Modified Intent-to-Treat Population (mITT): The mITT Population will include all patients in the ITT Population who receive at least 1 dose of any study drug and have a baseline value for the SBP assessment. Any efficacy measurement obtained after a patient received a restricted BP altering therapy, outside of the current study design, will be removed from the mITT analysis. Treatment classification will be based on the randomized treatment. The mITT Population will be used for the primary analysis of all efficacy endpoints.

Per-Protocol Population (PP): The PP Population will include all patients in the mITT Population who have a baseline value for the SBP assessment, have an End of Treatment Visit (Visit 11) value for the SBP assessment, and who did not experience a major protocol deviation that potentially impacted the primary efficacy endpoint. The PP Population, along with the reason for exclusion, will be finalized prior to study unblinding.

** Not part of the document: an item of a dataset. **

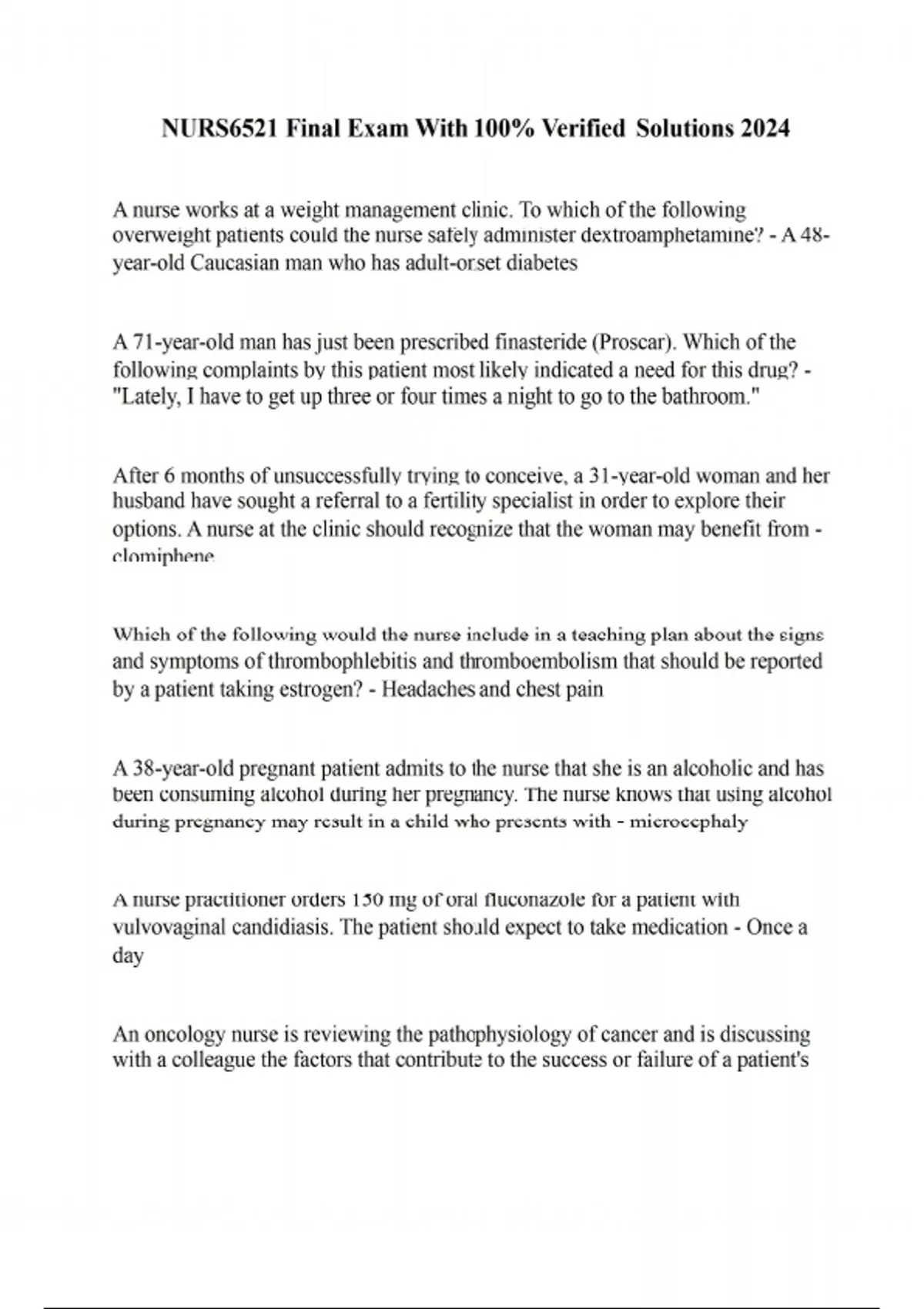 A nurse works at a weight management clinic. To which of the following overweight patients could the nurse safely administer dextroamphetamine? - A 48- year-old Caucasian man who has adult-onset diabetes A 71-year-old man has just been prescribed finasteride (Proscar). Which of the following complaints by this patient most likely indicated a need for this drug? - "Lately, I have to get up three or four times a night to go to the bathroom." After 6 months of unsuccessfully trying to conceive, a 31-year-old woman and her husband have sought a referral to a fertility specialist in order to explore their options. A nurse at the clinic should recognize that the woman may benefit from - clomiphene. Which of the following would the nurse include in a teaching plan about the signs and symptoms of thrombophlebitis and thromboembolism that should be reported by a patient taking estrogen? - Headaches and chest pain A 38-year-old pregnant patient admits to the nurse that she is an alcoholic and has been consuming alcohol during her pregnancy. The nurse knows that using alcohol during pregnancy may result in a child who presents with - microcephaly A nurse practitioner orders 150 mg of oral fluconazole for a patient with vulvovaginal candidiasis. The patient should expect to take medication - Once a day An oncology nurse is reviewing the pathophysiology of cancer and is discussing with a colleague the factors that contribute to the success or failure of a patient's chemotherapy. Which of the following cancerous cells is most susceptible to the effects of chemotherapeutic drugs? - Cells that have a rapid mitotic rate A middle-aged patient has received a diagnosis of GI stromal tumor following an extensive diagnostic workup. Imatinib has been recommended as a component of the patient's drug regimen. What patient education should the nurse provide to this patient? "It's important that you let us know if you develop any significant swelling or - Puffiness A 12-year-old boy is being discharged from the hospital after major surgery. The boy will be taking two medications at home for an extended period. The nurse who is discharging the patient should provide medication teaching specifically to - both the boy and his mother regarding all medication issued. A patient has been admitted to the critical care unit with a diagnosis of peritonitis that has necessitated treatment with gentamicin. As a result, the care team should be cautious when concurrently administering other medications that may cause - ototoxicity or nephrotoxicity A 39-year-old woman is receiving doxorubicin for the treatment of cancer. After each treatment, the patient has acute nausea and vomiting accompanied by a slightly increased heart rate. The nurse will advise her to - perform relaxation techniques after the treatments. A nurse is caring for a patient with cancer who has been prescribed dronabinol (Marinol) to help reduce nausea and vomiting from chemotherapy. The nurse will inform the patient that he or she is taking an oral form of - marijuana A 46-year-old man is receiving a quinupristindalfopristin IV infusion for a lifethreatening infection. Which of the following would be most important for the nurse to monitor? - Infiltration, edema, or phlebitis at the infusion site A woman is receiving prolonged drug therapy during her complicated pregnancy, and it may pose a risk to both the mother and the fetus. The primary care physician has made dosage adjustments to minimize adverse effects and prevent toxicity. - The nurse should make sure that serum levels of the drug are being monitored Alprostadil (Caverject), a drug used to treat erectile dysfunction, has been prescribed to a 42- year-old patient. When providing education to the patient and his wife, the nurse should inform the wife about which of the following adverse effects? - Vaginal burning A 36-year-old patient comes to the clinic and tells the nurse that she suspects that she is pregnant. During the initial assessment, the nurse learns that the patient is currently taking medications for diabetes, hypertension, and a seizure disorder. The nurse would be most concerned about which of the following medications? - Phenytoin (Dilantin) A male patient with a medical background tells the nurse that he is not satisfied with the oral synthetic testosterone that has been prescribed for him and he would like to try a natural form of oral testosterone. Which of the following would be an appropriate response by the nurse? - "Natural testosterone undergoes a high first-pass effect and is not used orally." A male patient is trying to decide if he should use finasteride (Proscar) to treat benign prostatic hypertrophy (BPH). When providing information about the drug, the nurse will include which of the following as a risk associated with finasteride therapy? - Prostatic neoplasia A 2-year-old child is diagnosed with a minor ailment and is to be administered medications at home for 2 weeks. The child lives with his mother, grandmother, and four other children between the ages of 14 months and 7 years. The home health nurse is asked to assess the home environment to determine if it is appropriate for the child to take his medication at home. Which of the following will have the greatest impact on the nurse's assessment? - Where the medications will be stored A 22-year-old woman has given birth to an infant who exhibits the signs and symptoms of maternal cocaine use during pregnancy. These signs and symptoms are a result of what pathophysiological effect of opioid use during pregnancy? - Vasoconstriction leading to reduced placental blood flow A 62-year-old patient taking tamoxifen exhibits increased bone and tumor pain along with a local disease flare. The nurse interprets this as an indication of which of the following? - The tumor responding to treatment A 6-month-old child has developed skin irritation due to an allergic reaction. He has been prescribed a topical skin ointment. The nurse wil

Safety Population: The Safety Population will include all patients who receive at least 1 dose of any randomized study drug. Treatment classification will be based on the actual treatment received. The Safety Population will be the primary population used for the safety analyses.

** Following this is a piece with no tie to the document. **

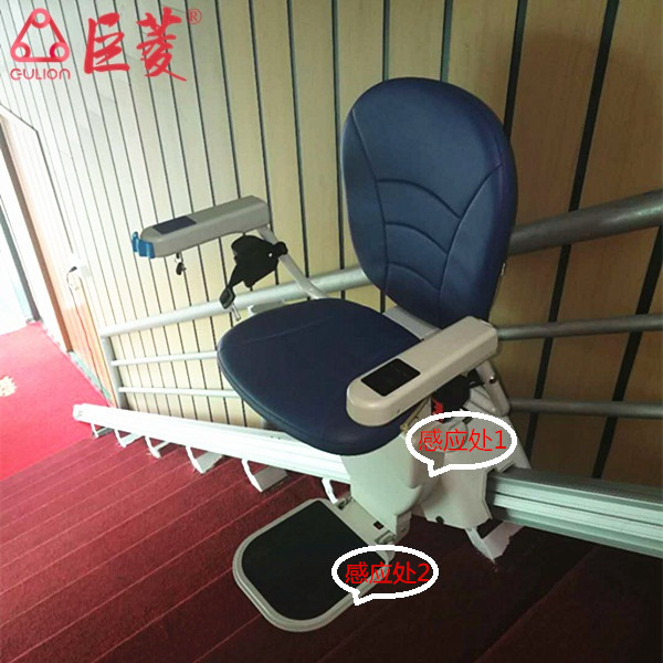 當在運行過程中碰到障礙物或者老人攜帶拐杖滑落時,裝設在腳踏板邊緣及臺架底部的感應器便能立即反應,將老年座椅電梯安全穩定的停止。當障礙物清除之后,座椅電梯立馬恢復正常的運行狀態。

Pharmacokinetic Population: The PK Population will include all patients in the mITT Population who have at least 1 quantifiable plasma concentration.

Pharmacodynamic Population: The PD population will include all patients in the mITT Population who have at least 1 quantifiable concentration of a PD variable.

(ii) Statistical Methods

All study-collected data will be summarized by treatment group using descriptive statistics, graphs, and/or raw data listings. Descriptive statistics for continuous variables will include number of patients (n), mean, standard deviation (SD), median, minimum, and maximum values. Analysis of categorical variables will include frequency and percentage.

Efficacy Analysis

The PP Population will be the primary population for the efficacy analyses. Efficacy will also be analyzed using the ITT Population and the mITT Population as supportive analyses.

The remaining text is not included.